Latest drug war outrage

Yeah, they'll take it, all right. 

I don't mean for this blog to take on too much of a "libertarian" tinge, but this is just outrageous: An aspiring music video producer, on his was to Los Angeles from Michigan, has all of his life savings stolen from him by the DEA. 

The Washington Post article is full of amazing facts and quotes. 

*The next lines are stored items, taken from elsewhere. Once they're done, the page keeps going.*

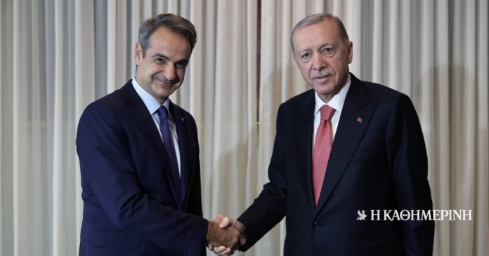 Συγκεκριμένα, στην ανακοίνωση που έδωσε στη δημοσιότητα έπειτα από τη συνάντηση των κ.κ. Κυρ. Μητσοτάκη και Ρ.Τ. Ερντογάν, η διεύθυνση επικοινωνίας της τουρκικής προεδρίας σημειώνει:
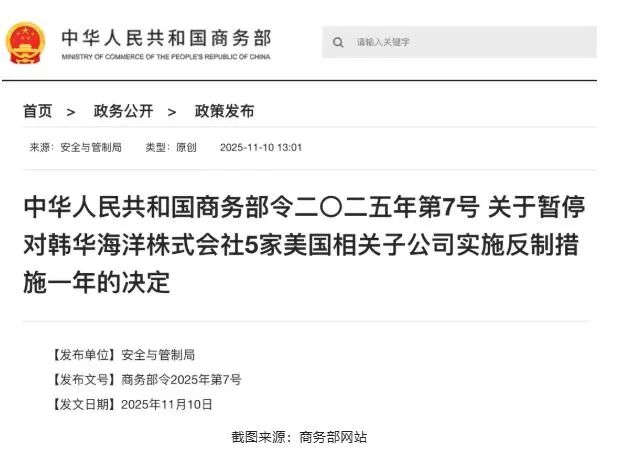 来源:商务部网站 中华人民共和国商务部令二〇二五年第7号 关于暂停对韩华海洋株式会社5家美国相关 子公司实施反制措施一年的决定 中华人民共和国商务部令 二〇二五年 第7号 鉴于美国自2025年11月10日起暂停实施其对中国海事、物流和造船业301调查措施一 年,现公布《关于暂停对韩华海洋株式会社5家美国相关子公司实施反制措施一年的决 定》,自2025年11月10日起施行。 部长 王文涛 2025年11月10日 关于暂停对韩华海洋株式会社5家美国相关 子公司实施反制措施一年的决定 美东时间2025年11月9日,美国宣布自11月10日起暂停实施其对中国海事、物流和造 船业301调查措施一年。鉴此,根据《中华人民共和国反外国制裁法》《实施〈中华 人民共和国反外国制裁法〉的规定》等法律法规,中方决定自北京时间2025年11月 10日起,暂停商务部令二〇二五年第6号(《关于对韩华海洋株式会社5家美国相关子 公司采取反制措施的决定》)相关措施一年。 ...
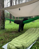 Because of its quilt shape, it can be opened at any time and used as a sleeping quilt. If the temperature drops, the bottom can also be tied up and used as a sleeping bag.
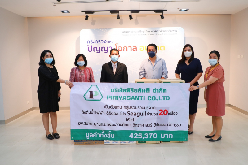 วันนี้ (11 พฤษภาคม 2564) ศ.ดร.นพ.สิริฤกษ์ ทรงศิวิไล ปลัดกระทรวงการอุดมศึกษา วิทยาศาสตร์ วิจัยและนวัตกรรม (อว.) รับมอบสิ่งของบริจาค จาก บริษัท พิริยะสันติ จำกัด ผู้แทนจำหน่ายเครื่องครัวและผลิตภัณฑ์ seagull เพื่อสนับสนุนการใช้ประโยชน์ในโรงพยาบาลสนามของ อว. โดยรายนามสิ่งของบริจาคมีดังต่อไปนี้ หม้อต้มน้ำไฟฟ้า ดิจิตอล นกนางนวล จำนวน 10 ใบ ขนาด 21 L, หม้อต้มน้ำไฟฟ้า ดิจิตอล นกนางนวล จำนวน 10 ใบ ขนาด 36.5 L และกระดาษทิชชู่ จำนวน 50 แพ็ค รวมมูลค่าทั้งสิ้น 425,370 บาท ณ อาคารพระจอมเกล้า ชั้น 1 สำนักงานปลัดกระทรวง ถนนโยธี
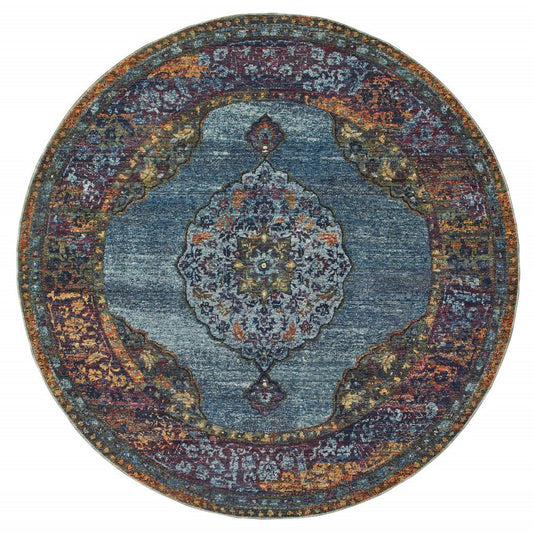 8' Blue and Beige Round Oriental Power Loom Area Rug
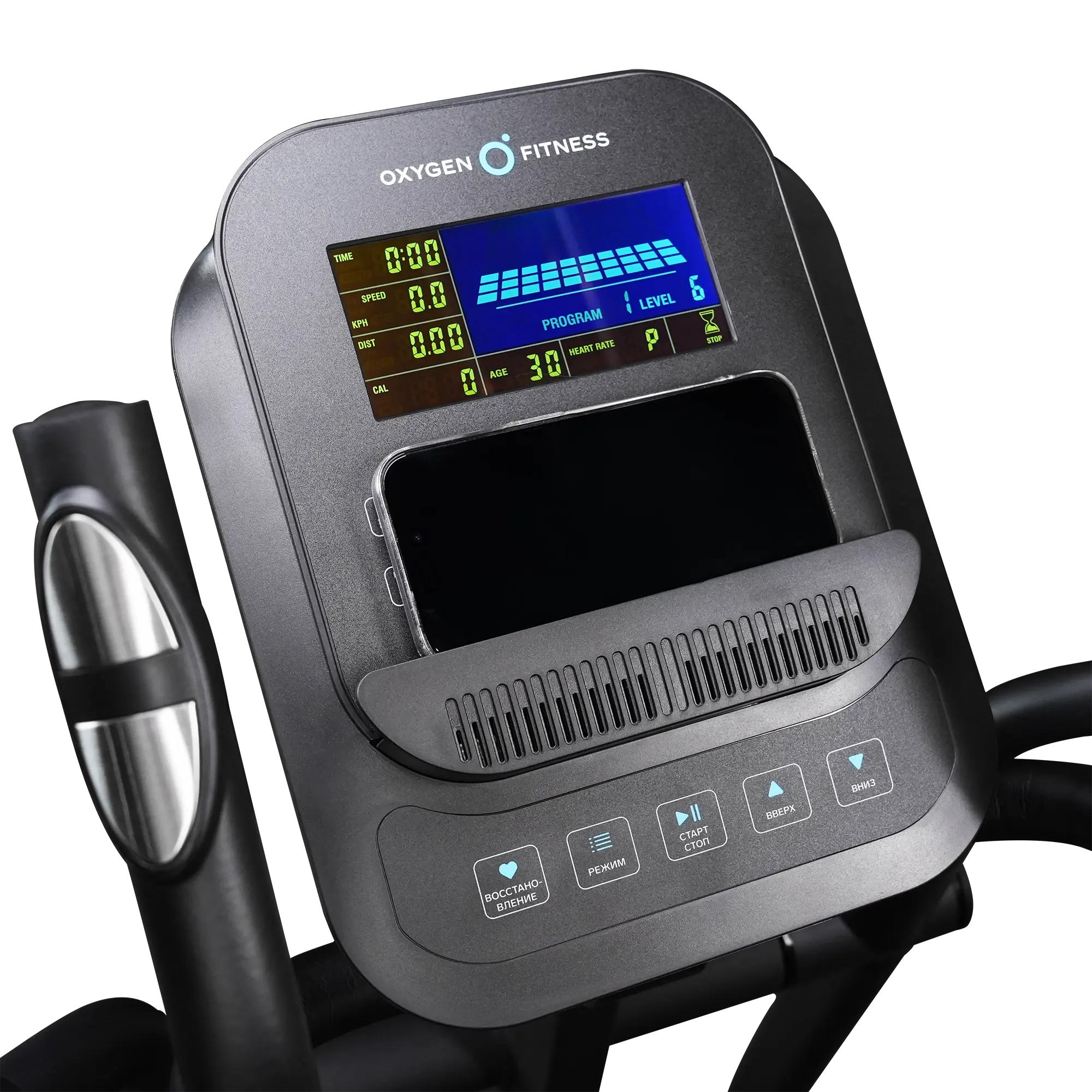 Консоль OXYGEN FITNESS IDAHO оснащена LCD дисплеем с подсветкой, который отображает все ключевые параметры тренировки: время, скорость, дистанцию, калории, пульс, уровень нагрузки, выбранную программу и статус Bluetooth. Интерфейс доступен на русском и английском языках, что делает его удобным для пользователей.

The agents found nothing in Rivers's belongings that indicated that he was involved with the drug trade: no drugs, no guns. They didn't arrest him or charge him with a crime. But they took his cash anyway, every last cent, under the authority of the Justice Department's civil asset forfeiture program ... "We don’t have to prove that the person is guilty," an Albuquerque DEA agent told the Journal. "It’s that the money is presumed to be guilty."

3 comments:

Chad N. said...

Yuck. I hate this stuff. There was another terrible civil asset forfeiture story the other day about an elderly convenient store manager whose entire operating account ($107k) was confiscated under a subset of civil asset forfeiture laws called "structuring" violations. His crime? He deposited over $10k into his bank account in one transaction.

What's even more devious about structuring laws is that they're a racket between banks, local law enforcement, FBI & DEA. Even where there is no other evidence of drug activity, the simple act of making large cash deposits is sufficient enough for law enforcement to justify confiscation.

I'll probably write more about this at some point soon.

And I wouldn't worry about the website having too much of a libertarian tinge. I'd argue that just about everything RAW wrote seemed to have a libertarian tinge, even if it wasn't necessarily political.

Chad N. said...

On a completely unrelated note - if anyone here has the chance to see the new HBO documentary "Cannibal Cop", I strongly recommend doing so.

Seems like something folks here would appreciate more so than the "average" viewer.

If you don't know Cannibal Cop's story, at least look it up on the internets.

michael said...

The HBO film is called Thought Crimes: The Case of the Cannibal Cop, and I don't get HBO (can't afford it), so I'll have to wait. But after reading reviews it seems to dovetail with a recurring riff on my own blog about how I love "dangerous" or outre books, like Hit Man, which purportedly shows you how to become a contract killer. I like the personal "fantasy" element in these books; I have zero intention of acting on the "knowledge" contained in it. So far, the judge has ruled that the cannibal cop just did a bunch of Google searches on how to kill and cook women. He even met (or engaged online) with others who shared the same interest. Yet he DID NOT ACT.

I admit this seems even more extreme than having _How To Make Improvised Explosive Devices For the Coming Race War_ (a title I just made up, but would love to read, or even own if I saw it in a bookstore), but still: 1st Amendment!

As for the DEA's latest: how is this different from the Mafia or any other group of well-organized gangsters?